FEBRUARY 5, 2026. Tokyo, Japan and Ulm, Germany.
Yaqumo Inc., the Japanese quantum computing company building a pioneering integrated neutral-atom quantum computer in Japan, has decided to adopt QC Design’s Plaquette software platform to accelerate the development of its fault-tolerant quantum computers. Plaquette is a quantum design-automation platform that enables hardware teams to simulate, analyze, and optimize fault-tolerant architectures in the presence of over 20 real-world hardware imperfections. This collaboration positions Yaqumo to rigorously evaluate and refine its neutral-atom qubit architectures as the company scales toward scalable fault-tolerant quantum computers.
Yaqumo’s neutral-atom approach offers important advantages for scalable quantum computing: the number of qubits can be scaled from thousands to tens of thousands by increasing laser power, and long coherence times reduce errors during computation.

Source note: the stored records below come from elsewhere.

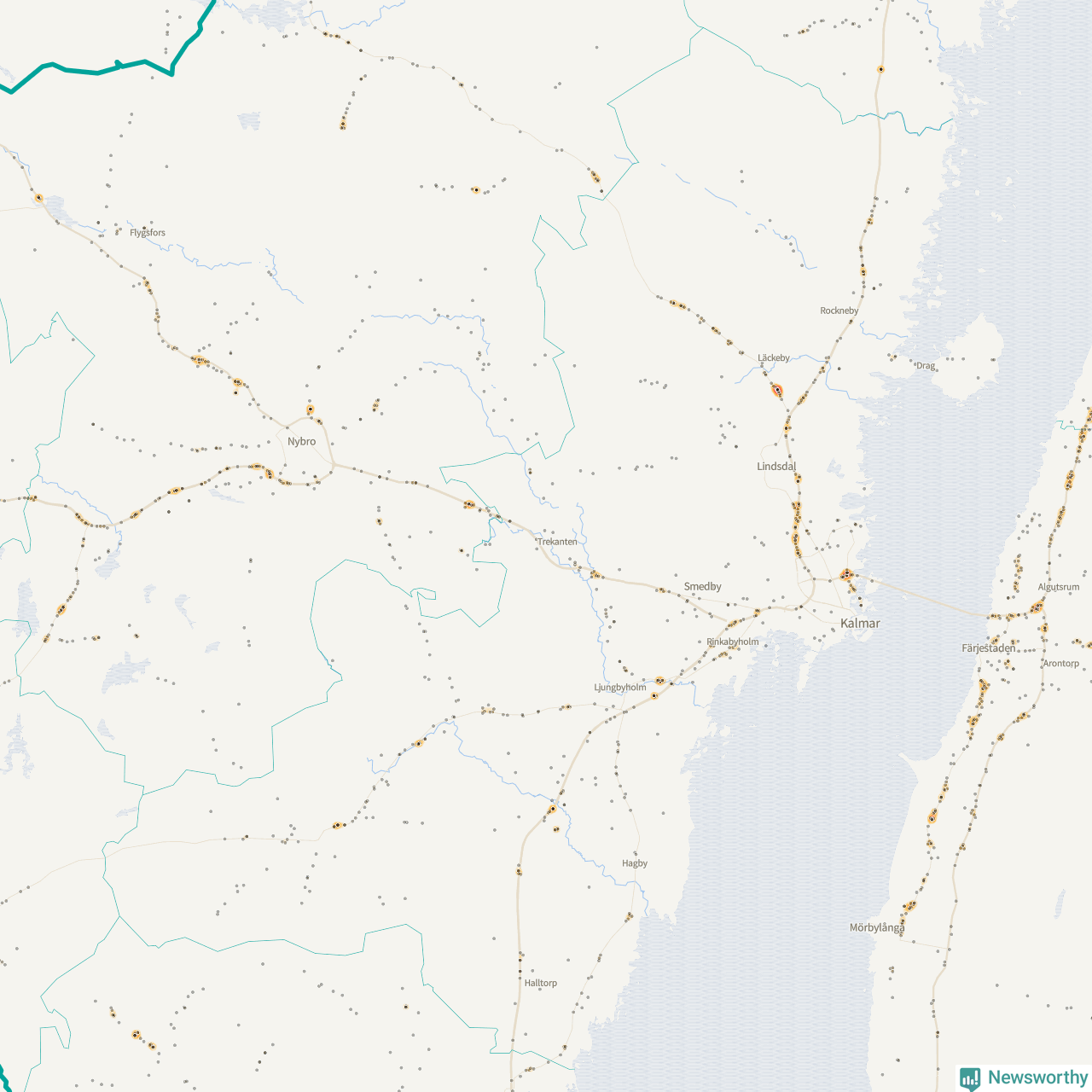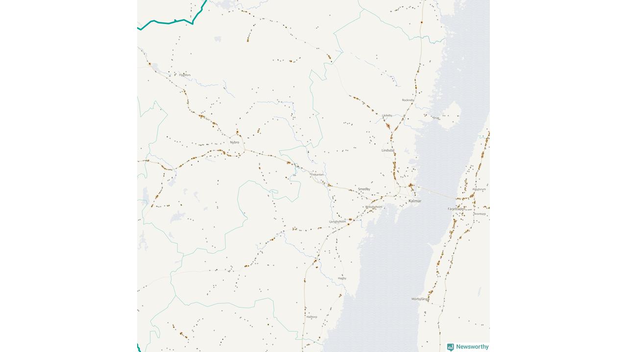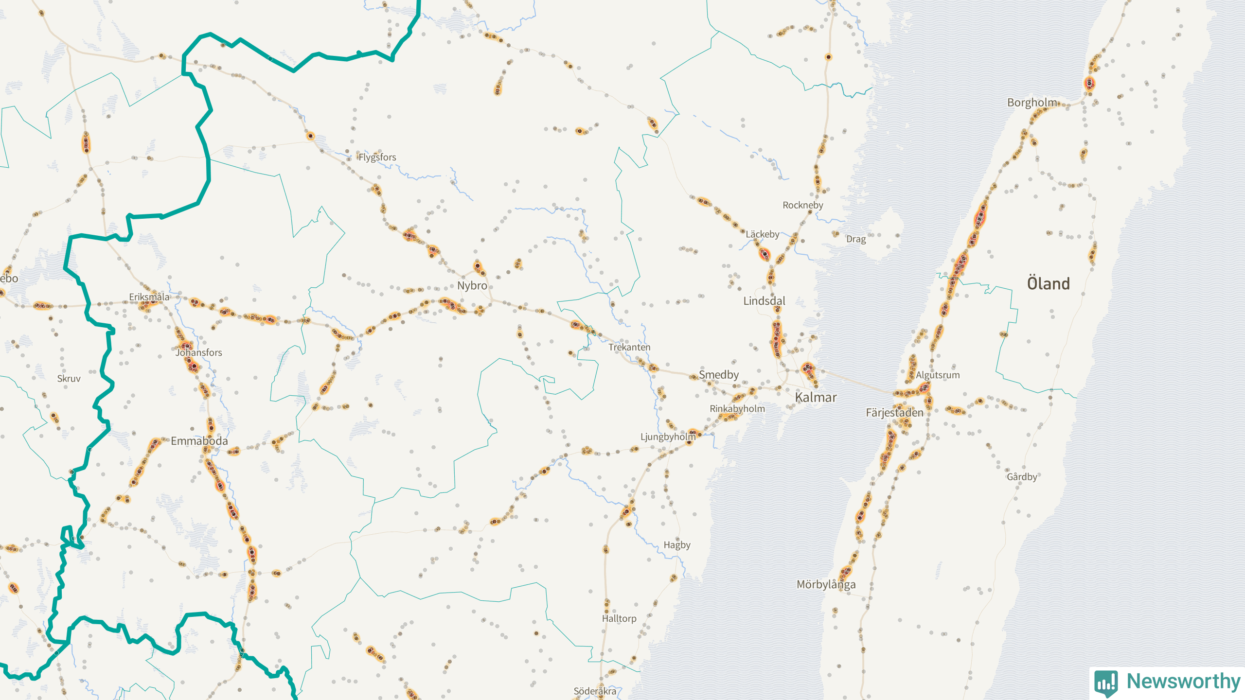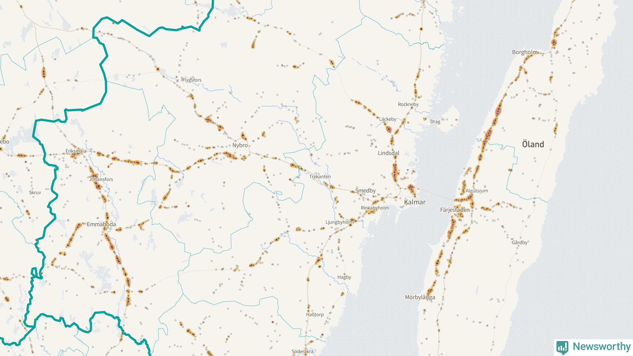 Den mest olycksdrabbade vägen i Kalmar län är E22 (inklusive väg 758/E22), med totalt 872 rapporterade viltolyckor i länet under femårsperioden. Flest olyckor längs E22 – 320 stycken – skedde i Västerviks kommun. Västervik är också den kommun med flest registrerade viltolyckor i länet totalt, 1 143 stycken under perioden september–november 2020–2024.
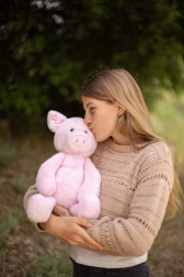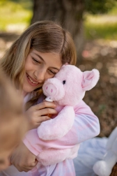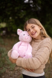 Denne plysbamse gris er designet specielt til børn, der søger en legetøjskammerat til fantasifuld leg eller blot en følgesvend på deres eventyr. Den let kompakte størrelse sikrer, at dit barn vil have den med overalt.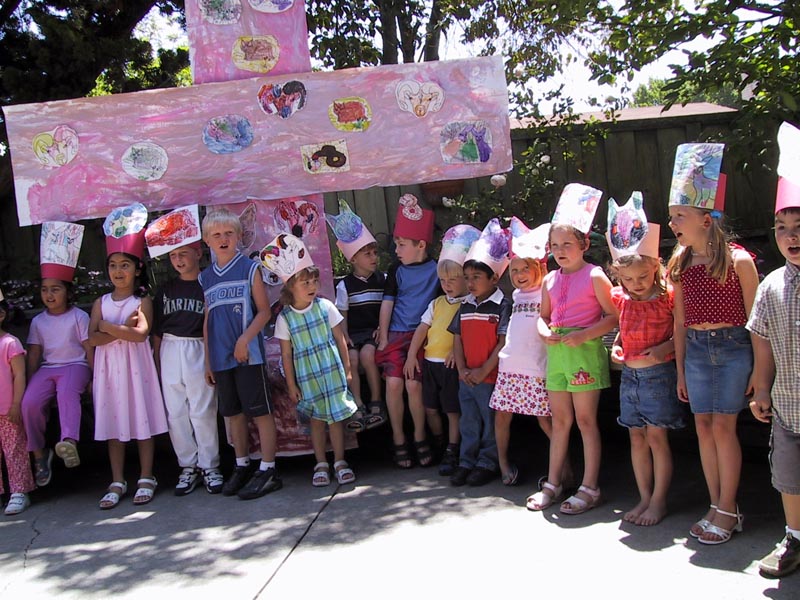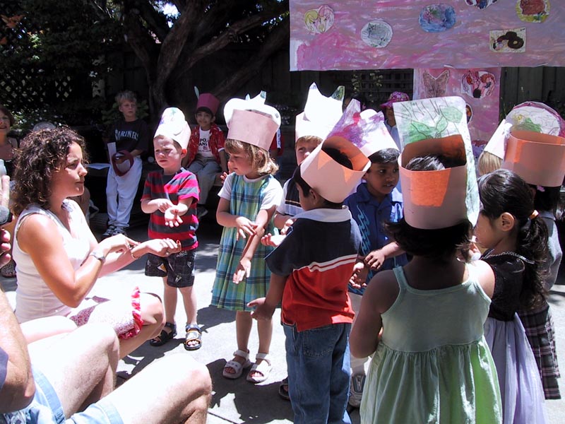 The younger kids are doing a rhyme with Sarah about a caterpillar. The older children are butterflies who are going to fly to kindergarten. I am a caterpillar.

Integrating Plaquette into Yaqumo’s R&D workflow provides the quantitative foundation needed to validate and optimize this architecture. The platform enables the Yaqumo team to model the full spectrum of hardware imperfections relevant to neutral-atom systems and to evaluate how these imperfections impact logical qubit performance across different error-correction codes, control schemes and decoding methods.
Kazuhiro Nakashoji, CEO and Founder of Yaqumo, said:
We’re excited to adopt Plaquette and partner with one of the strongest teams in fault tolerance at QC Design. Plaquette is accelerating our FTQC efforts by enabling us to model realistic hardware imperfections, compare codes and decoders quantitatively, and iterate on architecture and control strategies. This collaboration enhances the capabilities we have been developing internally, allowing us to design logical qubit demonstrations and architectures with significantly greater speed and efficiency.

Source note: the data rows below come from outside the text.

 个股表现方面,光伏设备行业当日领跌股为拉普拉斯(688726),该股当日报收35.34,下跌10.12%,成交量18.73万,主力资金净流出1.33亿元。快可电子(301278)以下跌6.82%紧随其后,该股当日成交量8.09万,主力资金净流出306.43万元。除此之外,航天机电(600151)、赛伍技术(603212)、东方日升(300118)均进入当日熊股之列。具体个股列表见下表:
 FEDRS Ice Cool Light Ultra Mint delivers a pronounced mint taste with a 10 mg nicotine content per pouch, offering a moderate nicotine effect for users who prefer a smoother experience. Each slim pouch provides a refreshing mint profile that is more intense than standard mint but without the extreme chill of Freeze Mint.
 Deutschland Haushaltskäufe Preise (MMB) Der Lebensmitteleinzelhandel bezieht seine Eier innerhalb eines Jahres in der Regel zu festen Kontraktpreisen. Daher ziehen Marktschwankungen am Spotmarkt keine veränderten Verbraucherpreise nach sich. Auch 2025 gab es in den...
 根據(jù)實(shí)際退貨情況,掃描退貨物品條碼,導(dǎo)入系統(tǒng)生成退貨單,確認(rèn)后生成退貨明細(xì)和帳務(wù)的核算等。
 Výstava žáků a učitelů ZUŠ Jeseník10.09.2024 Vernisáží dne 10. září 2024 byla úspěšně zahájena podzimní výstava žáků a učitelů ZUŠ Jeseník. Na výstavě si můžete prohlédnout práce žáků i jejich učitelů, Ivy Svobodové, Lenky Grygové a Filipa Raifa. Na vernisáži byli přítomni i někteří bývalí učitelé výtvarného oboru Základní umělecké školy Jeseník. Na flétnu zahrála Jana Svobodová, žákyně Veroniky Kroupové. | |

Dr. Ish Dhand, co-founder and CEO of QC Design, said:
We’re excited to partner with Yaqumo as they advance one of the most promising approaches to scalable quantum computing. Yaqumo’s neutral-atom systems offer a compelling path forward: the ability to scale from thousands to tens of thousands of qubits by merely increasing laser power, combined with long coherence times that fundamentally reduce computational errors. As Japan accelerates its quantum computing ambitions, we’re proud to support Yaqumo’s journey toward building a pioneering integrated neutral-atom quantum computer in Japan.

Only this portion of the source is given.